Le texte de l'Apocalypse dit : "Je tombai à ses pieds comme mort, Il posa sur moi sa main droite et me dit : ne crains pas". Expérimenter l'Apocalypse et les sacrements, c'est à un moment donné, s'écrouler, peut-être pas physiquement, mais c'est s'écrouler devant Dieu, par peur, et tant mieux, en se demandant : et maintenant, que vais-je faire alors que je suis devant toi et que je découvre cette grâce et cette Parole que tu me donnes. Il y a cette phrase magnifique : "N'aie pas peur. Je suis le Premier et le Vivant, écris donc ce que tu as vu".

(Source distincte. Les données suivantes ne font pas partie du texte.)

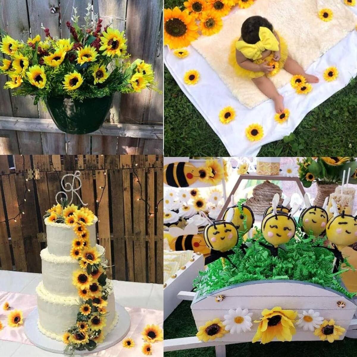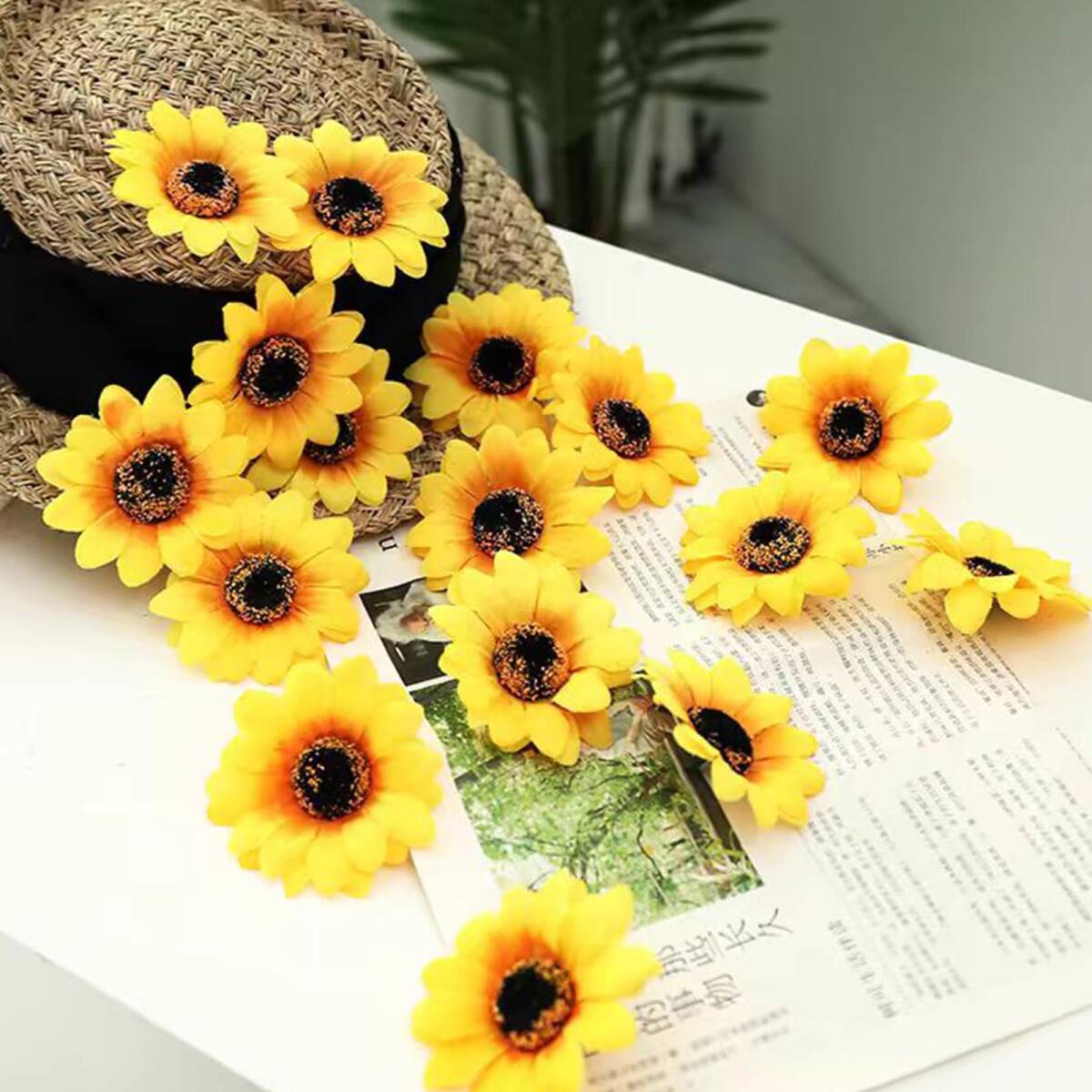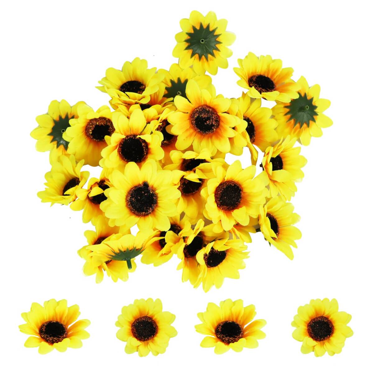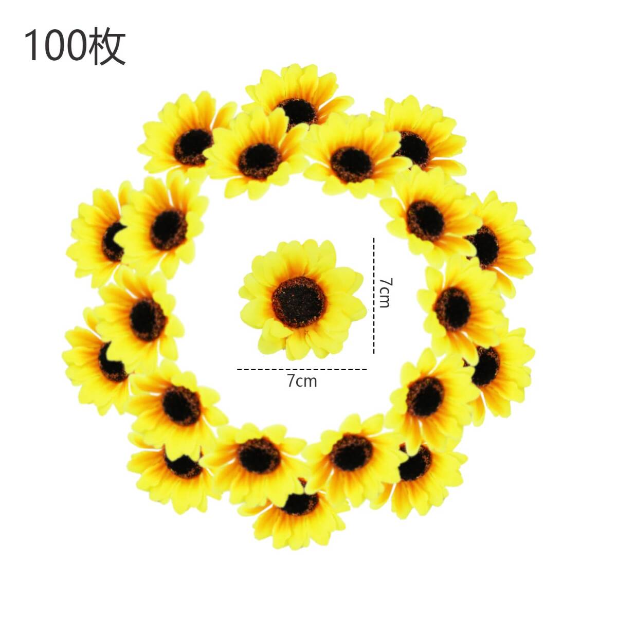 【商品仕様】:セット内容:ミニひまわり造花100個、直径:7cm、素材:シルク+プラスチック、色:イエロー

Et à la fin de l'eucharistie que sera cet envoi que vous recevrez ? Ce sera pour inviter à dire à vos frères et sœurs ce que vous avez expérimenté ici par rapport à l'Écriture et à la Parole. C'est cela l'envoi, et c'est quelquefois dommage que certains d'entre nous aient autant de mal à quitter l'église pour vouloir continuer la messe. Ce que j'ai reçu, je n'ai qu'une seule envie, c'est de me précipiter au-dehors de l'église pour l'annoncer à mes frères et sœurs et leur dire : ne crains pas, viens aussi par les sacrements de l'Église, expérimenter la puissance de Dieu qui n'est pas là pour nous écraser mais pour nous révéler qui nous sommes et quelle est notre destinée de fils et de filles de Dieu.
Peut-être que maintenant Estelle, tu te sens écrasée avec cette Parole de Dieu, mais tant mieux ! Toute ta vie de chrétienne sera de reprendre à chaque instant cette Parole de Dieu et cette vie que Dieu va te donner à travers son Corps et son Sang.